Problem description — Begin with the line holding "CPU 1517H-3 PN/FO" and end with the last line of the records below. Set down exactly those lines and leave out every picture.

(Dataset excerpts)
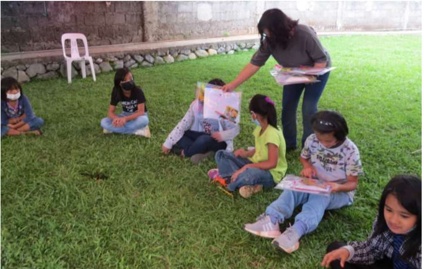
Distribution of school supplies to the students while they are in station 4.

OUR MISSION Deliver quality education through holistic, accessible and inclusive learning (HAIL) experiences to build socially and environmentally responsible global citizens and leaders.
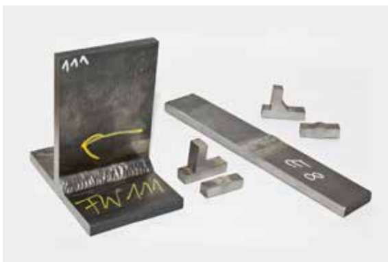
Fillet weld and V-weld test pieces
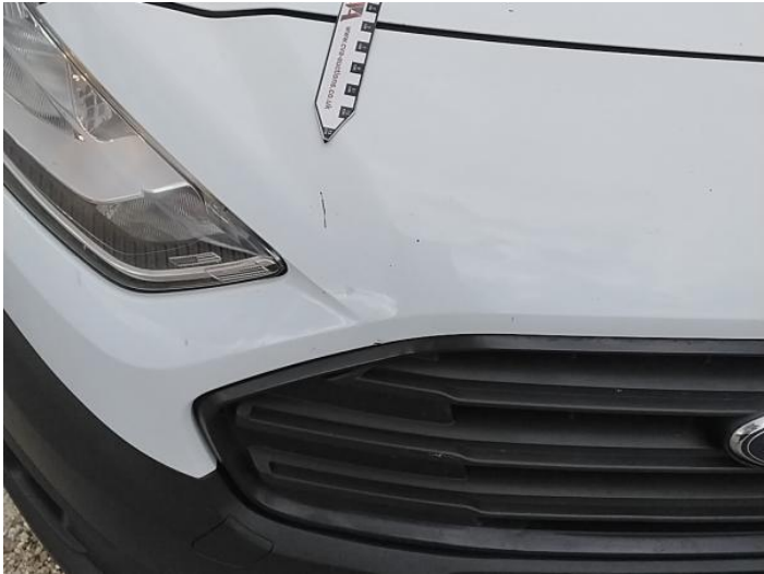
4: Panel Front Scratched UpTo 25mm Thru Paint
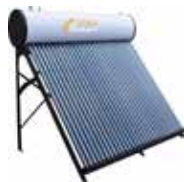
Solar Water Heaters
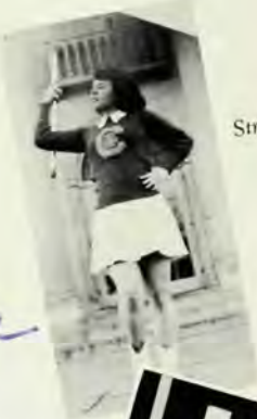
Struttin' her stuff
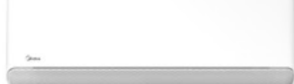
The Breezeless E

The new Breezeless E with an outdoor unit featuring innovative anti-corrosion technologies
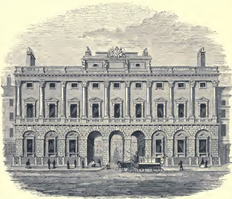
The Royal Academy, New Somerset House

March, stating that the apartments allotted to the Royal Academy in the new building at Somerset House are now completely finished, and that his Majesty has directed this year's exhibition of pictures to be there; and desiring to have an order for delivering up the same either to the president or council, or to the treasurer of the Academy, who is, by virtue of his office, to have the inspection and care both of the buildings and all other his Majesty's effects employed in that institution: I am commanded by their lordships to direct you to deliver up
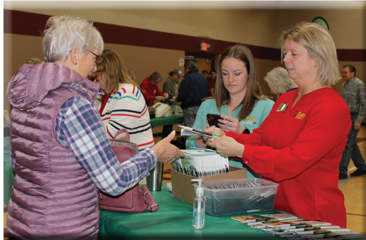
More than 300 members and guests attended Barron Electric’s 88th annual meeting.

of grocery items and cash to the Prairie Farm Food Pantry to help support those in need. The Barron VFW prepared and served breakfast to over 300 members and guests. Twelve Barron Electric members won a $100 cash prize. All attendees received a pound of cheese.
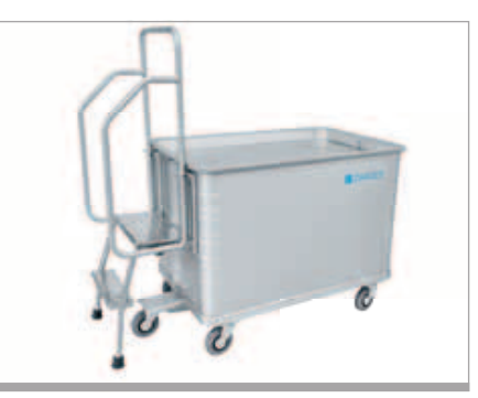
Storage and retrieval trolley, project-specific

Project-specific fabrication to meet your individual requirements.
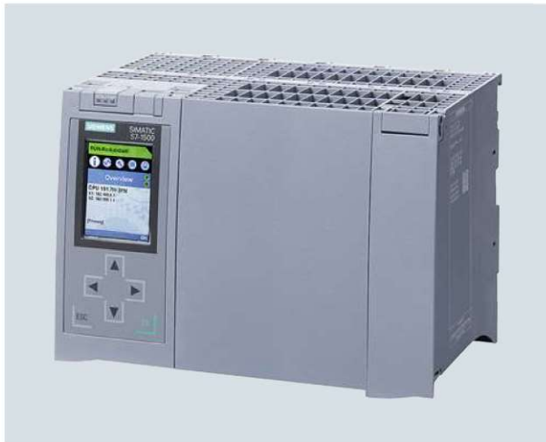
CPU 1517H-3 PN/FO
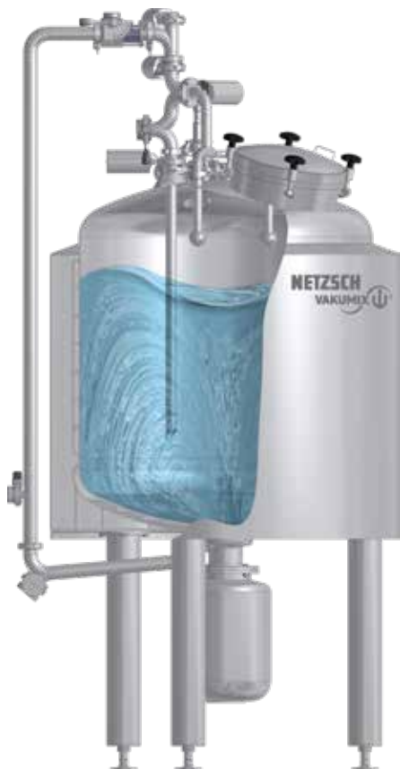
Mixing inside the tank
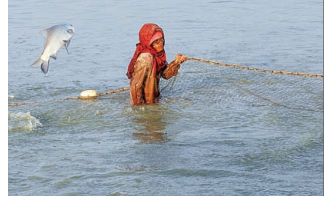
A fish jumps over a net as a boy works in a fish farm at Htantapin township in Yangon, on 18 February 2016.

Over 22 million euros to be spent on Myanmar aquaculture
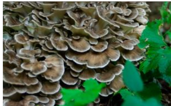
Grifola frondose (Fungi Natur, 2022)
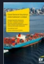
Good General Insurance (International) Limited
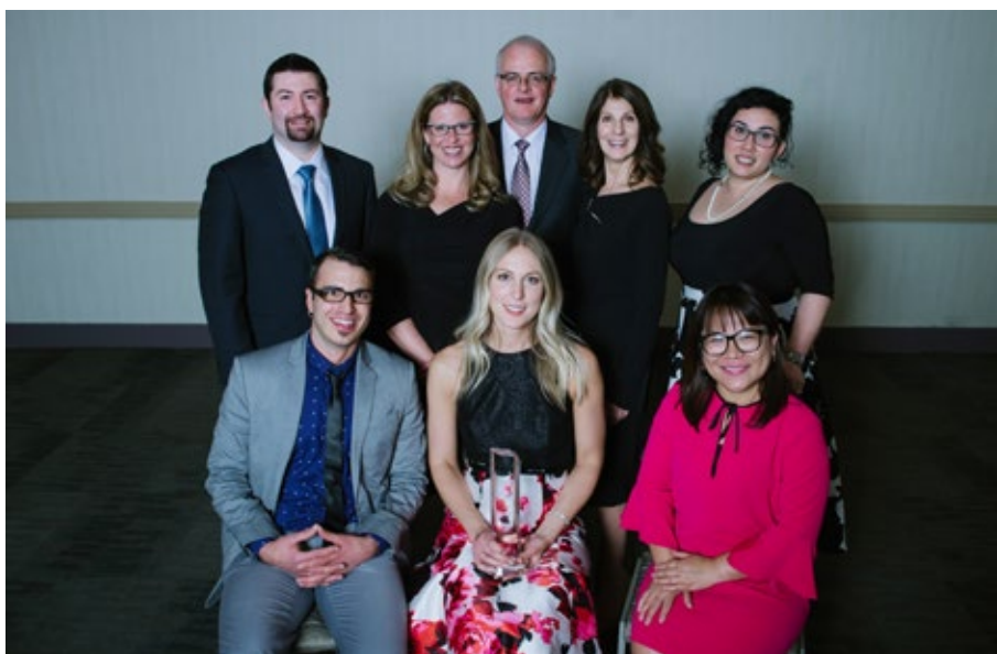
TOBY 500,000 – 1M. sq/ft – Livingstone Place, QuadReal Property Group.
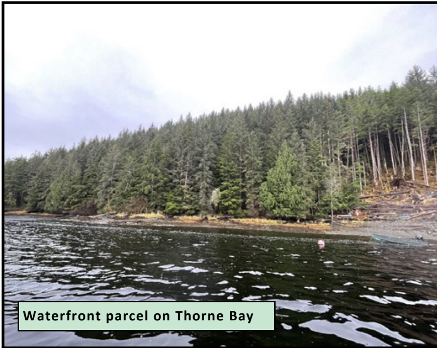
Waterfront parcel on Thorne Bay
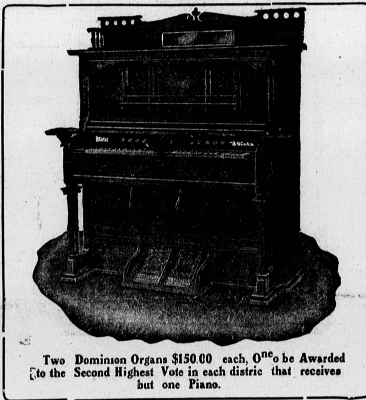
Two Dominion Organs $150.00 each, One to be Awarded to the Second Highest Vote in each district that receives but one Piano.

Address all communication relating to the contest, to CONTEST MANAGER, Charlottetown Guardian, Charlottetown, P. E. I.
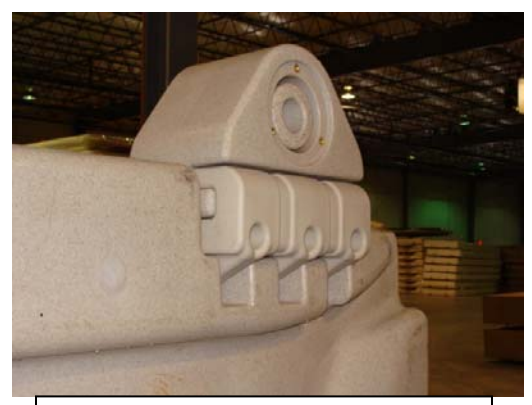
Post attachment bolted into place at the side rear position
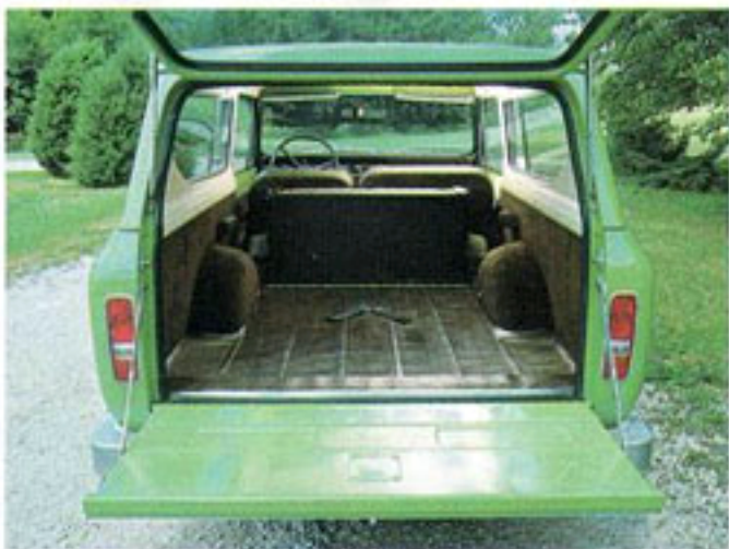
A world of space with the optional folding rear seat down.
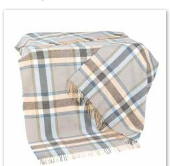
635 Sky Beige Grey Guard Check

Task solution —
CPU 1517H-3 PN/FO
Mixing inside the tank
A fish jumps over a net as a boy works in a fish farm at Htantapin township in Yangon, on 18 February 2016.

Over 22 million euros to be spent on Myanmar aquaculture
Grifola frondose (Fungi Natur, 2022)
Good General Insurance (International) Limited
TOBY 500,000 – 1M. sq/ft – Livingstone Place, QuadReal Property Group.
Waterfront parcel on Thorne Bay
Two Dominion Organs $150.00 each, One to be Awarded to the Second Highest Vote in each district that receives but one Piano.

Address all communication relating to the contest, to CONTEST MANAGER, Charlottetown Guardian, Charlottetown, P. E. I.
Post attachment bolted into place at the side rear position
A world of space with the optional folding rear seat down.
635 Sky Beige Grey Guard Check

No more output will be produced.